1932 film by Hugh Harman

Bosko the Drawback is a 1932 American animated comedy short film directed by Hugh Harman. It is the 27th film in the Looney Tunes series featuring Bosko. It was released on October 22, 1932. It is the second 1932 cartoon distributed by Warner Bros. Pictures to remain under copyright, as it was renewed in 1961, while earlier 1932 cartoons were neglected by then-owner, Warner Bros. subsidiary Sunset Productions; it will lapse into the public domain on January 1, 2028.

==Plot==
A marching band marches across a football field, with a bird inside the leader's hat singing for the band. Goopy Geer serves as the ticket attendant at the stadium. Bosko receives a last-minute massage which becomes more painful by the second. Bosko finishes his massage and summons his teammates as the match starts.

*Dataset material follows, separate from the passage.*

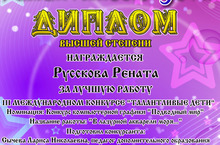 - Диплом высшей степени за лучшую работу - Русскова Рената.
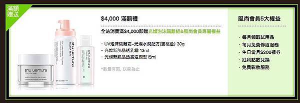 全站消費滿$4,000即贈光燦泡沫隔離組&風尚會員專屬權益 · UV泡沫隔離霜-光燦水潤配方(蜜桃色) 30g · 光燦新肌晶透乳霜 13ml · 光燦新肌晶透露滋潤型15ml

As Bosko spits on his hands and shoes, the dog referee tries to start the match by shooting a blank, only for an egg to fall out, from which a chick emerges and blows a whistle. Bosko catches the ball while a dachshund teammate helps him defend against the opposing team by stretching his body and ramming into them. They are eventually stopped by the opposing team. An old dog attempts to type the details of the event, only to be hit by the typewriter itself. An old mouse is hit by the ball.

As the second round progresses, Bosko passes the ball to a centipede teammate, who outmaneuvers the opposing team by sacrificing parts of his body until his size is reminiscent of Bosko. A card stunt occurs where the audience forms the face of a cheering dog, which then "spits" to insult the opposing team by literally having audience members jump into the field. As Bosko notices the incoming opposing team members, he runs back to be launched by the dachshund into the goal, scoring a touchdown as he collapses. He revives and celebrates his victory.

==Reception==

The Film Daily said it was "plenty of action and excitement that will please the kids."